23 It is important to note that if an industry is dominated by a number of large businesses, it is possible for one or more of the significant businesses to affect the aggregates, business averages and industry ratios with out having a similar effect on the business comparisons and business profitability measures. It is also possible for a business can rank highly in the business comparisons, while having little effect on the industry ratios and aggregates. For example, if a unit reported an operating profit of $50,000 and total assets of $10,000 it would have a return on assets of 500% and rank well above the 75th percentile for return on assets, while its contribution to the aggregates and industry ratios would be minimal.
24 ABS publications draw extensively on information provided freely by individuals, businesses, governments and other organisations. Their continued cooperation is very much appreciated: without it, the wide range of statistics published by the ABS would not be available. Information received by the ABS is treated in strict confidence as required by the Census and Statistics Act 1905.
25 A number of ABS products provide a range of related data to that presented in this publication. These include:
26 The ABS product, Summary of Industry Performance, (Cat.no.8140.0.55.002) provides a summary of each industry's structure, income statement, balance sheet, economic values, business averages and performance ratios to the ANZSIC subdivision (two digit) level. For most ANZSIC subdivisions, separate tables are also available by size of business.
27 Another source of industry performance data is the ABS product Industry Concentration Statistics, (Cat.no.8140.0.55.001). This product shows the proportions of sales, persons employed and industry value added that are concentrated among the 20 largest enterprise groups operating in each industry. The 'largest 20' are further subdivided by groups of four, grouping the first four enterprise groups, the second four and so on.
28 Both Summary of Industry Performance and Industry Concentration Statistics can either be purchased separately as a product, or accessed through the ABS web based information service, AusStats. AusStats is a subscription service, providing access to a comprehensive range of ABS material. It is available on-line, via the World Wide Web, and is a part of the ABS web site where both free and charged data are integrated.
ABS DATA AVAILABLE ON REQUEST
29 Additionally, a considerable amount of data from the EAS collection is available on request.

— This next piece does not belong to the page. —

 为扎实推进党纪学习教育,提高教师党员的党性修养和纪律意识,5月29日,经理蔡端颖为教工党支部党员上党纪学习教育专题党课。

In general, data requests entail a finer industry dissection and can be presented by size classifications tailored to a client's specific need. For example, size classifications based on specified ranges in the value of sales, profits or assets can be generated. Additionally, many other performance measures or ratios apart from those included in the publication can be generated. Some examples are liquidity, debt coverage, stocks turnover and assets turnover ratios. A charge is made for providing non standard data requests and information is only made available if it passes confidentiality testing.